Can A Temp Waiter Sue An Assigned Employer for Personal Injury?

In most cases, a worker cannot sue their employer for negligence if they are injured on the job. The sole remedy is Workers’ Compensation. But what if a temp is assigned by an agency to a business and they get hurt on the job? Don’t they work for the agency? Should they be able to sue the business where they were injured?

A waiter, who was working on a temp basis through an agency, slipped and fell in water on the floor while carrying a serving tray near a sink in the kitchen of Columbia University's on-campus catering hall. He sued both Columbia and the temp agency.
The waiter's case was dismissed because he failed to show that Columbia was not his "special employer" and, therefore, Workers' Comp was his sole remedy.
In general, workers compensation benefits are the exclusive remedy of an employee against an employer for any damages sustained from injury or death arising out of and in the course of employment.

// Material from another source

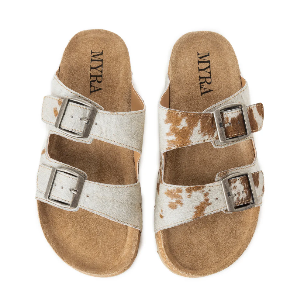 Myra Restful Hairon Leather Slides for Women – Adjustable Straps, Cork Footbed & Stylish Dual Buckle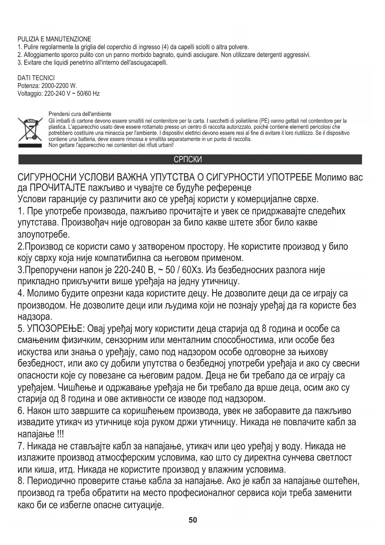 ТЕХНИЧКИ ПОДАЦИ Снага: 2000-2200В Напон: 220-240В ~ 50 / 60Хз За заштиту животне средине: молимо вас да одвојите картонске кутије и пластичне кесе и одложите их у одговарајуће канте за смеће. Коришћени уређај треба да буде испоручен на наменске сакупљане тачке због оштрих компоненти, што може утицати на животну средину. Немојте одлагати овај уређај у заједничку корпу за отпатке. (DK) brugsanvisning DANSKI

The waiter's lawyer argued that the temp agency was the waiter's employer and Columbia was not. The court disagreed.
Here is the question that must be asked when determining whether an entity is an employer for purposes of Workers' Comp: Who controls and directs the manner, details and ultimate result of the employee's work?
In this case, the answer was Columbia. Columbia is the employer, therefore the waiter was Columbia’s special employee.
Waiter cannot sue Columbia and must go to Workers' Comp.